4.10. Cells Differentiation and Mineralization
4.10.1. Cell Culture
Osteoblast-like cells (MG-63 osteosarcoma cells—ECACC, Salisbury, UK) were used to evaluate the ability of the alginate samples to improve bone regeneration. Cells were routinely grown in MEM media supplemented with 10% FBS Superior, and 1% Non-Essential Amino-Acids (NEAA) (Sigma-Aldrich, Saint Louis, MO, USA), and maintained in a humidified incubator, at 37 °C, 5% CO2.
4.10.2. Cellular Proliferation
MG-63 cells were plated on 12-well plates at a density of 250,000 cells/slide.

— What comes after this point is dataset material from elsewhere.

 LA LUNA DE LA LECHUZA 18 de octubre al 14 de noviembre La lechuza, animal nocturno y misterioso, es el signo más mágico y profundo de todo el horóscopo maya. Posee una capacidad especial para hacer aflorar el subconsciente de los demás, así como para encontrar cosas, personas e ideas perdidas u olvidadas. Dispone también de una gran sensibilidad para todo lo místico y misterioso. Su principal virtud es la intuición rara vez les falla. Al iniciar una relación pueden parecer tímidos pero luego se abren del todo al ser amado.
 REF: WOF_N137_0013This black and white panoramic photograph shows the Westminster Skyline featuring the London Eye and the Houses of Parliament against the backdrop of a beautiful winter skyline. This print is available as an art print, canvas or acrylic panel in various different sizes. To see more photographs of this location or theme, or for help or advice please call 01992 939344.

At the same time, alginate samples were placed in culture media in separate wells. The next day, the samples were washed once with culture media and placed on top of the cell layer. Control samples were represented by MG-63 cells grown similarly but without alginate samples. The cells were grown in normal culture media that was changed every 2–3 days. At 7 and 14 days of culture one set of cells were detached and counted with a haemocytometer using Trypan Blue (Sigma-Aldrich, Saint Louis, MO, USA), to exclude dead cells.

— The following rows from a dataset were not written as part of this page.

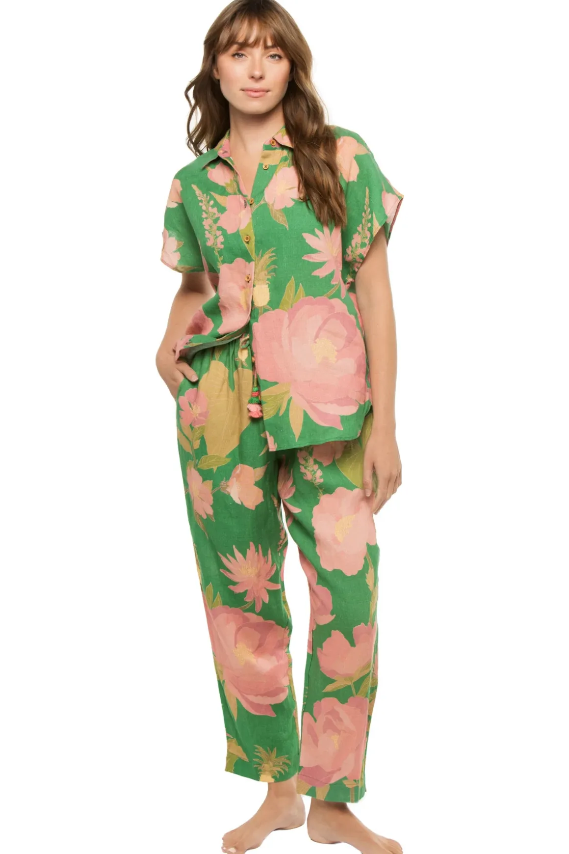 Winter Garden boy shirt features an oversized fit witha button front and wide short sleeves.
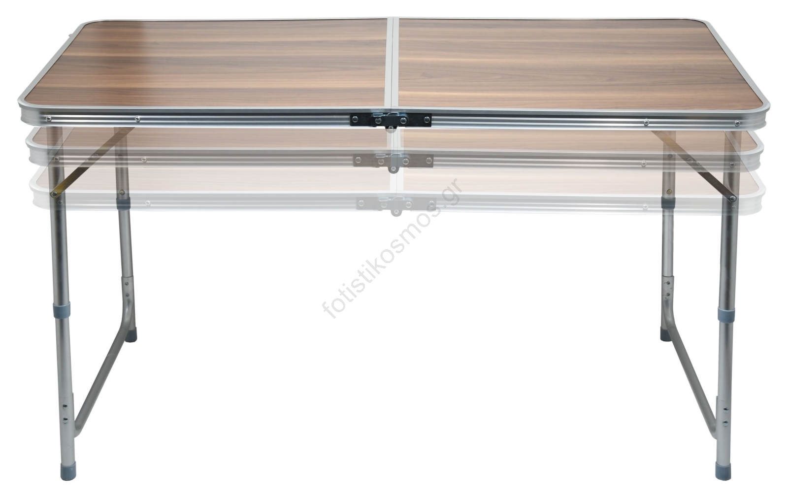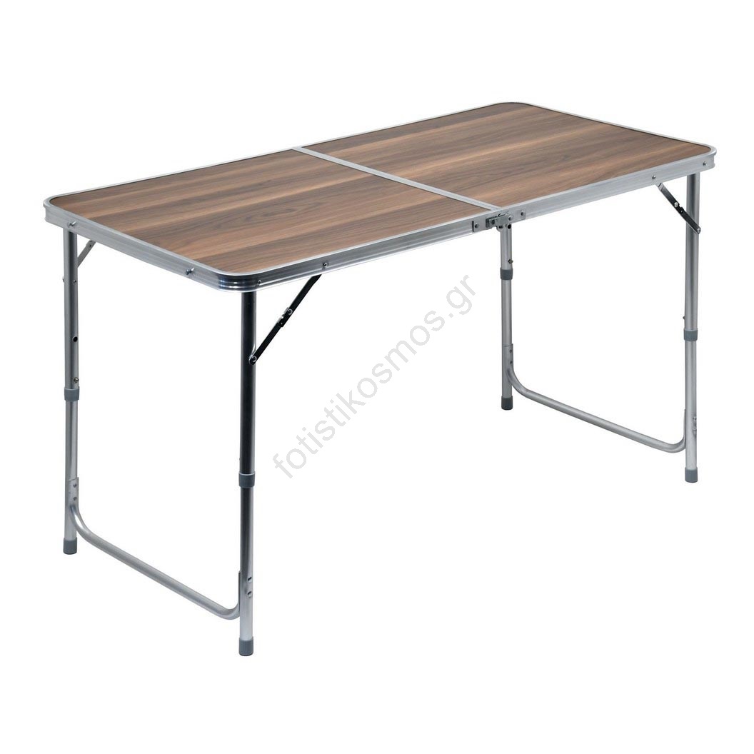 • Πτυσσόμενο τηλεσκοπικό τραπέζι από αλουμίνιο με επίπεδη επιφάνεια και σχέδιο απομίμησης ξύλου άριστης ποιότητας.
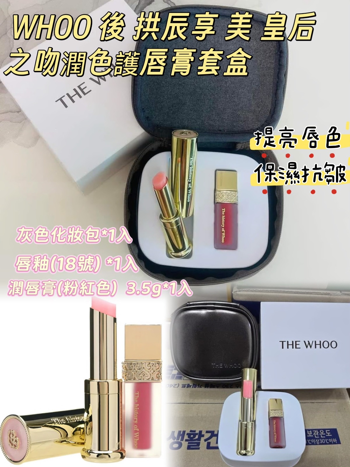 韓國 WHOO 後拱辰享美皇后之吻潤色護唇膏灰色套盒 售價:$135/套,2套或以上:$125/套 預計12月底到貨 🉐有SPF10防曬系數 ✅添加珍貴的保養成分潤澤唇部肌膚及潤色賦予唇部水亮光澤後家的唇膏 ✅網路評價相當好滋潤度很夠,顏色也是非常美是帶有粉嫩色調且質地滋潤 ✅深受護唇控們喜愛素顏或淡妝都很適合,讓人顯得更有氣色護唇膏還會散發著淡淡的花果香~ 🉐蘊含宮廷韓方美容成分清華順氣丹 ✅能夠有效為促進唇部肌膚血液循環,提亮唇色 ✅具抗皺功效 ✅能為粗糙乾燥的雙唇,提供深度保濕效果 🉐當中的紅花粉成分 ✅具天然保濕功效的天然紅色素 ✅為雙唇注入水分同時令雙唇色澤粉嫩動人 -規格: 皇后之吻潤唇膏(粉紅色) 正裝 3.5g*1入(SPF10) 皇后之吻 唇釉(18號) *1入 灰色化妝包*1入 ==⚠️ 聲明 ⚠️== 1.本貨品為平行進口正貨 2.所有帖文內容只作分享及參考用途,為免混淆視聽,所有商標或版權均屬有關商品品牌商標的持有人,敬請留意。 3.顏色或因拍攝器材或顯示螢幕等因素而與實物有異,以上圖片及文字僅供參考,一切以實物為準。 4.以上資料及外盒包裝只供參考,商品外盒原廠有更換新包裝權利,一切以實物為準。
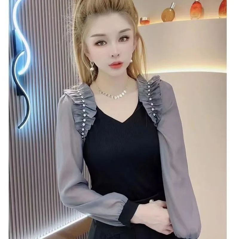 Wongn V-Neck Spliced Diamonds Folds Gauze Blouses Women's Clothing 2023 Autumn Winter New Elegant Tops Office Lady Shirts
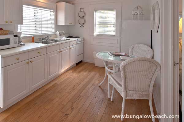 A cozy 1 bedroom bungalow complete with a full kitchen, queen size bed, queen sleeper sofa and jacuzzi jet bathtub in its well sized bathroom. The porch does have a view of the water as it looks down between the beach front bungalows on the other side of the lush tropical courtyard. The courtyard comes with a barbeque area and fire pit. This bungalow is great for a romantic getaway or a couple with small children having a family vacation on the beach.

4.10.3. Alkaline Phosphatase
Alkaline phosphatase (ALP) production was evaluated using the abcamab83369 Alkaline Phosphatase Assay Kit, following manufacturer’s instructions, applied on culture media collected from cells grown, as described earlier, at 14 days of culture. Measurements were normalized to the cell numbers.
4.10.4. Alizarin Red
Cells were grown similarly on 12 mm glass coverslips. At 7 and 14 days of culture one set of slides were fixed. The samples were washed with PBS, fixated in 10% paraformaldehyde, washed with distilled water, and stained with a 4 mM solution of Alizarin Red (Sigma-Aldrich) Saint Louis, MO, USA) in water, for 45 min, at room temperature, in the dark. Then, the samples were washed 4 times with distilled water, and kept in PBS for visualization. Images were taken using an inverted phase-contrast microscope.
4.11. Statistical Analyses
The data are expressed as mean SD. The significance of differences was evaluated by one-way ANOVA. Significance was considered if p-value was < 0.05.